Big Planet

The economics of brushing teeth

In academia, popular economics on June 6, 2009 at 12:40 pm

In The Economics of Brushing Teeth by Alan S. Blinder (1974), the author argues that economists have ignored a certain class of activities in the theory of human capital, such as brushing teeth. He says that the analysis can also be applied to equally important problems as “combing hair, washing hands, and cutting fingernails” (pg. 887).

Following from the human capital theory, each individual does whatever amount of toothbrushing to maximize his income (pg. 888). Blinder tells us that the “mother-told-me-so” explanation of toothbrushing rests on the fact that “offspring behave as if they maximize their income” since “the mother’s decisions are governed by income maximization for the child”.

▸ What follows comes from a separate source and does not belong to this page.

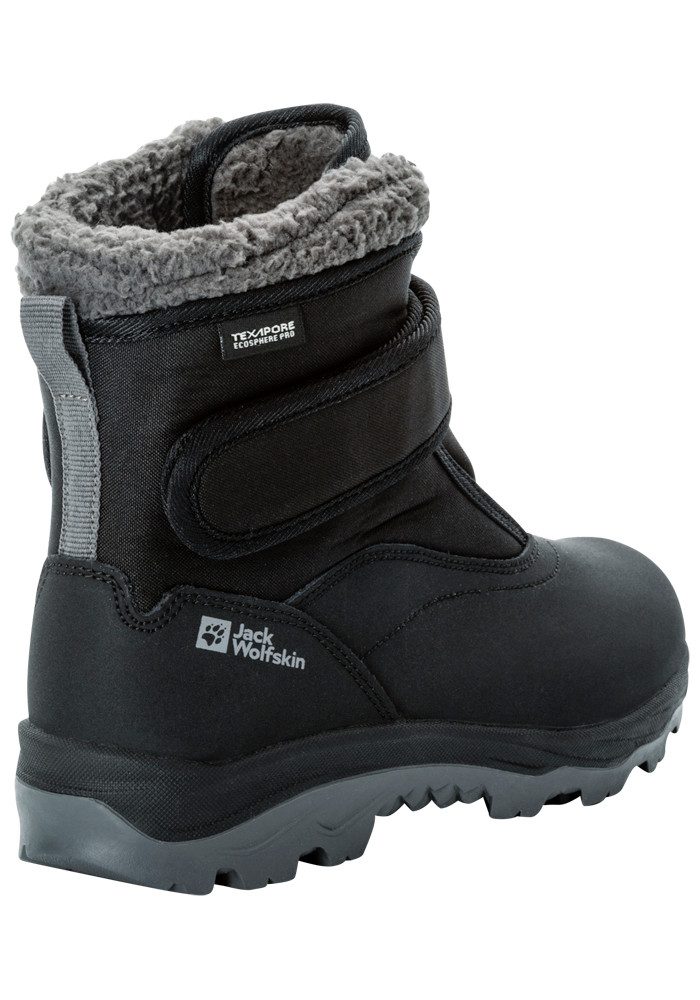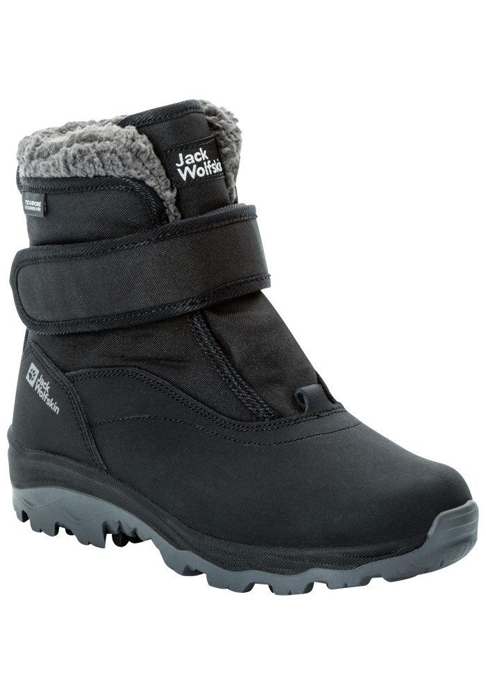 Equip your little explorers for winter adventures with the Jack Wolfskin VOJO SHELL TEXAPORE MID VC Kids‘ Outdoor Winter Boots. Designed to keep tiny feet warm even in extreme conditions (down to -30°C), these boots feature a breathable and waterproof TEXAPORE ECOSPHERE membrane made from recycled materials. A full-length polyurethane leather-look reinforcement provides durability, while the deep sole profile ensures excellent grip. The stylish textile upper adds a modern touch. The large Velcro closure makes them easy for kids to put on and take off, encouraging independence. Perfect for school commutes or outdoor play, these boots offer warmth, protection, and a touch of Jack Wolfskin quality.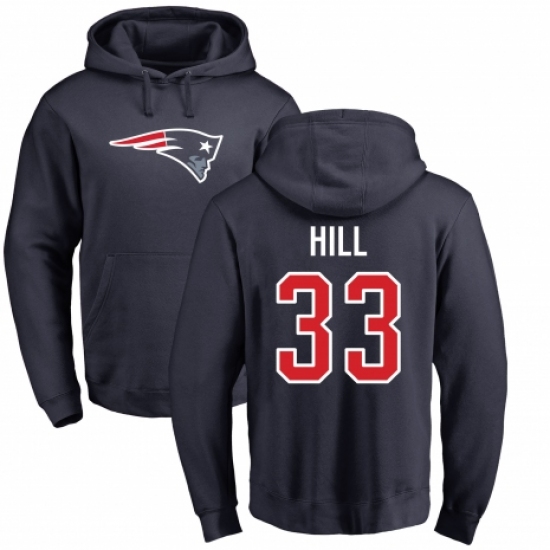 NFL Nike New England Patriots #33 Jeremy Hill Navy Blue Name & Number Logo Pullover Hoodie

The author then presents a theoretical model of toothbrushing by showing a wage maximization equation which involves the time spent brushing teeth as an independent variable:

Y=w(J,B)(T-B)+P, where Y=income, w=wage rate, J=index of job, B=time spent brushing teeth, T=time period available for working, and P=exogenously determined amount of unearned income.

Blinder puts the model into an empirical test and came up with a regression model for his data.

However, I must critique the article for relying on the value of the R-squared (i.e. “.79”) in concluding that the data confirm the prediction of the theoretical model. It is not, and never will be, the holy grail of econometrics.